A New Opportunity
I almost don't want to write this in fear of being jinxed and having this possible opportunity taken away from me. I've spent the last few months trying to process what Mayo has planned for me in terms of tackling this cancer. Now, after speaking with Dr. Tseng, another plan could be in my future.
I can't speak for all cancers but this one is definitely hard to swallow. There are no knowns. No one can tell me how many rounds of chemo or how many rounds of radiation for sure will help or not help. Sometimes, what works for one person with this exact same cancer, does not work for another person. It's all a game of chance, luck, and destiny.
Maybe that is what I'm supposed to learn from all this? To have faith and to leap without knowing the outcome. In all honesty, I don't have too much of a choice but learning to accept that I am not in control is a choice. Some days are harder than others to live with that fact. Especially, since I've spent all of my life just trying to control every aspect down to the smallest detail. Now, I have zero control, it's all in someone else's hands.
I might have a new opportunity on my plate. I hope and pray that I have this opportunity on my plate. From what Dr. Tseng has told me, he feels confident he can perform this surgery. He explained that he would have to open me from the front right side of my abdomen, and the back right buttock to cut the tumor in two and pull it from the sciatic notch. He would scoop out all of my blood vessels as they are compromised, my arteries he says from looking at scans, look to be unattached to the tumor, and he would have a neurosurgeon on standby to go around my nerve roots. He said he would literally hand peel the tumor off of my rectum and shave down all the bone that has been touched by the tumor. He said he expects this to be a 10-12 hour surgery from start to finish. If this is actually possible, then I feel this is my very best shot at beating this beast or at least, beating it for a time.
He knows that he will not get the wide margins that you normally would need to get with this type of cancer but he thinks/hopes since chemo is working that the area around the tumor would also be dead and killing off the cells. I can only hope he is right.
He told me I would never have a large tumor again as they would forever monitor me going forward and any new occurrences or spread would be smaller tumors and hopefully easier to treat. Dr. Tseng said he would be discussing my case at the USC tumor board on Tuesday and after that, I should know more. Whether or not they for sure want to hold off on radiation until after surgery, do it before, or have a different plan altogether. I truly hope that he will still feel confident in doing this procedure. As scary as it is, my friend is right…big risk could equal big rewards.
If this route is for sure offered to me then the next steps begin. Planning a trip to Los Angeles in the middle of a pandemic…during election time. Please, God, save us all. I will have to stay there for at least a month to heal and do some follow up tests and scans before I can come back home. This means being away from my children, husband, friends… All the people that make this fight worth it. I cannot even begin to imagine how hard this will be. I try not to let my mind go there.
No matter which path I choose, I have to place all of my faith, confidence, and life into someone else's hands. I can't being to explain to you how terrifying that is.
I sent a message to my radiation doctor about the approach that Tseng would like to take and she completely disagreed. She said that she would like to attempt to kill the tumor with definitive radiation and then down the line if surgery is pursued, do the hemipelvectomy and hemisacretomy. Thus, losing my right pelvis, half my sacrum, and my entire right leg. I sent my radiation doctors' response to Dr. Tseng to see if he could elaborate as to why their approaches are so vastly different. His reply was that they may decide to radiation before his surgery and he would discuss it all at his tumor board on Tuesday and that he would speak with me again after that.

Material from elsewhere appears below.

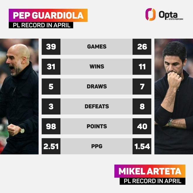 而另一方面,阿尔特塔带队在4月份打26场英超比赛,战绩为11胜7平8负,场均只拿1.54分,这是他场均拿分最少的月份。

Now, I feel left wondering if his route is even an option. If it is, I feel like if I choose the wrong path it will not only be detrimental to myself and my future but to all of you out there who love me. I can only hope that I make the right decision and that that decision is actually available to me. My gut says that Tseng's approach if he is still confident in it, is the right way to go. As scary and difficult as it may be to do, I think he has the skill and knowledge to get me through to the other side. I pray he can do exactly what he says he can.
Please continue your prayers for my family and that this possibility is still on the table for us. Love to you all!